An internationally-awarded stage director, Scott’s production (with Serbian pianist Nada Kolundzija), John Cage Musicircus/A House Full of Music, was cited for Best Performance of the Year in Belgrade, Serbia; his production of (His) Three Sisters (Mostar Youth Theatre) won multiple awards including Best Play in Bosnia-Herzegovina. Other stage productions include Koltes’, In the Solitude of Cotton Fields (Belgrade) and Night Just Before the Forests (KUD, Ljubljana); Irene Fornes’, Mud (Zagreb Theatre for Youth, Croatia); St. Vincent Millay’s, Aria Da Capo (Slovenia); Sara Kane’s, 4.48 Psychosis (Academy of Dramatic Art Zagreb); and in collaboration with Slovenian director Tomi Janežić, King Lear (Atelier 212, Belgrade) and The Blind (Macedonian National Theatre, Skopje).

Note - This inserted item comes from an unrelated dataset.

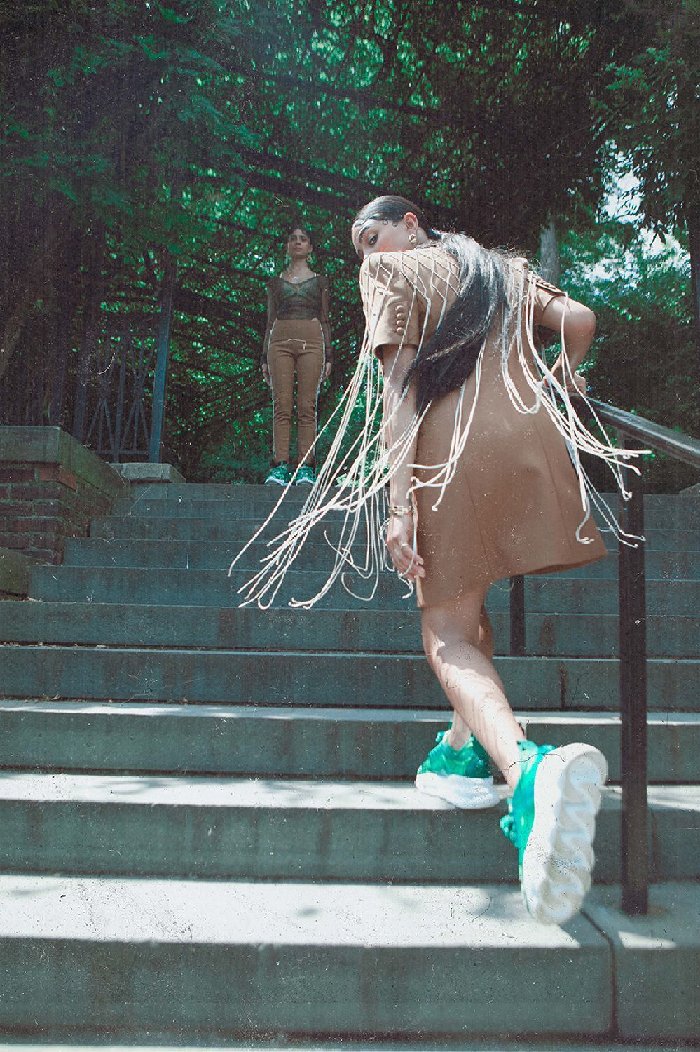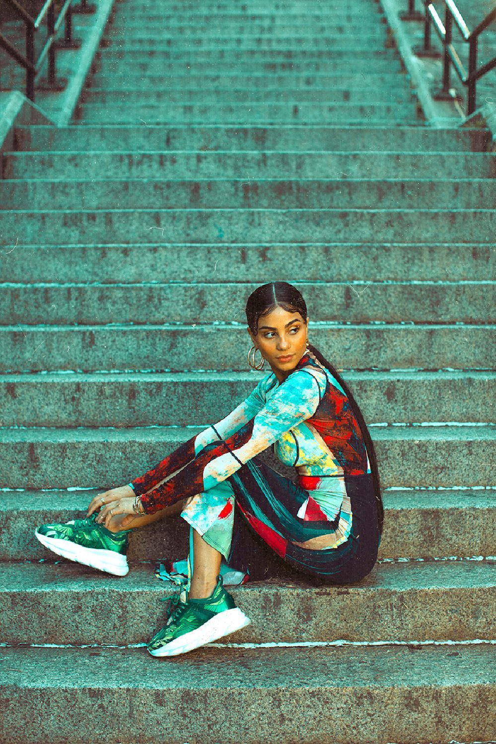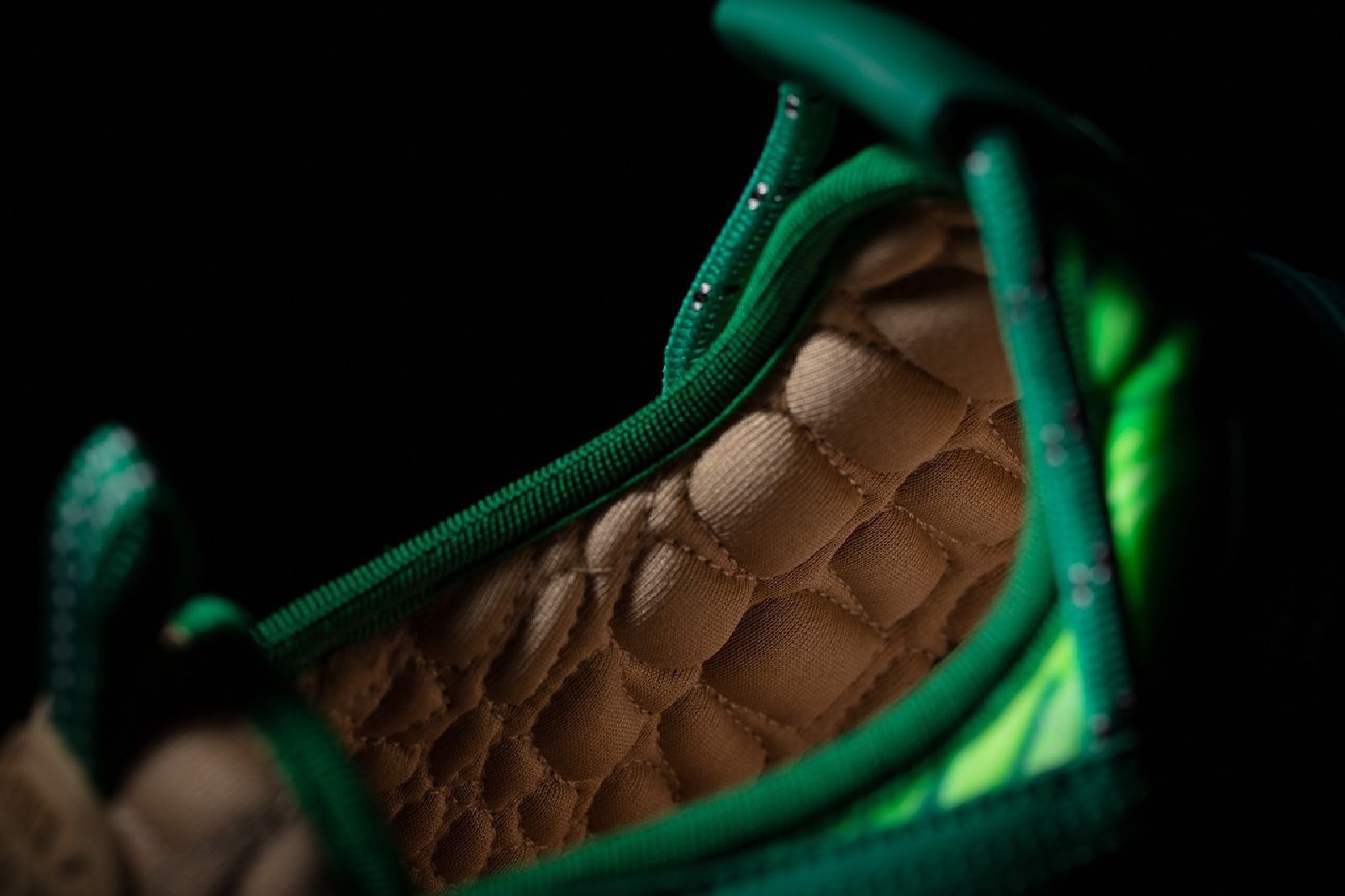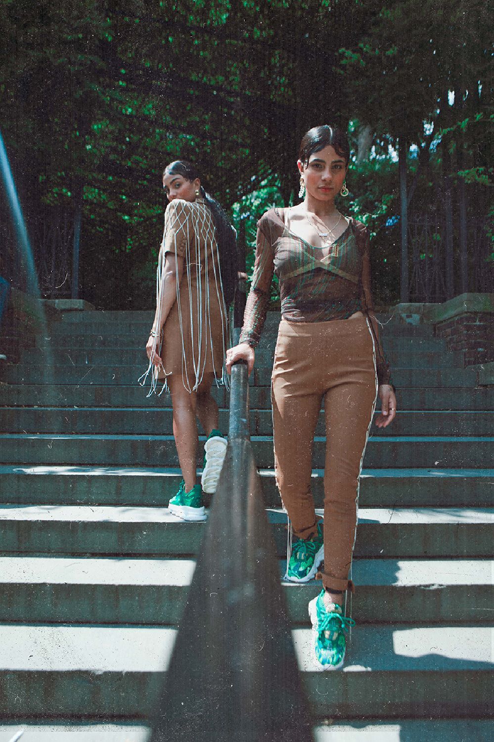 Concepts joins forces with Versace to create a new version of the sneaker Chain Reaction. The streetwear retailer looks back on Maison's history and finds inspiration in of its most iconic dress: the emerald green Jungle-dress in silk chiffon worn by Jennifer Lopez at the 2000 Grammy Awards.
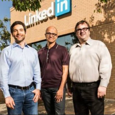 Microsoft has confirmed it's ready to offer more than $26bn to buy the business networking site LinkedIn. The price represents an investment by the Windows software giant of around $250 dollars for every LinkedIn customer. Our technology correspondent, Rory Cellan-Jones, did a double interview with the two leading figures in the story - Satya Nadella, the CEO of Microsoft, and Jeff Weiner, the boss of LinkedIn. Stockmarkets around the world appear to be pricing in the possibility that the people of Britain will vote to leave the European Union in next week's referendum. The President of the European Council, Donald Tusk, has warned that an exit vote could be the beginning of the end for the 28 nation bloc. We hear from our reporter Rob Young, who is touring continental Europe to get an outside perspective on the British debate: first stop Norway. Some of America's top military figures are meeting with international development activists in Washington to look at ways of working alongside each other. The US Global Leadership Coalition has been organised to examine how Washington can increase its international influence through so-called "soft power". We cross to Hong Kong for a preview of the latest Disneyland franchise in China -- Disneyland Shanghai opens later this week. And insight from FT correspondent, Lucy Kellaway, on why successful people seem to be trumpeting their failures as a way to get ahead. (Photo: LinkedIn chief executive Jeff Weiner (left), with Microsoft chief executive Satya Nadella and LinkedIn chairman Reid Hoffman (right). Credit: Microsoft)

His U.S. productions include works by Ibsen, Garcia Lorca, Gertrude Stein, Mrozek, Robert Frost, and Günter Grass. For The Actors’ Ensemble, Scott directed works by Tina Howe, Henry Miller, W.B. Yeats, Ray Bradbury, and at the invitation of Buddhist monk and writer Thich Nhat Hahn, the U.S. premiere of Nhat Hahn’s, The Path of Return Continues the Journey.

Scott is the former founding Co-Artistic Director of Alchymia Theatre in Chicago and, in New York, a member of The Actors’ Ensemble. As an actor, his stage credits include Off Broadway, Chicago and Los Angeles. His dissertation, “Regarding the Significance of Divided Consciousness,” is published in Michael Chekhov: Critical Issues, Reflections, Dreams.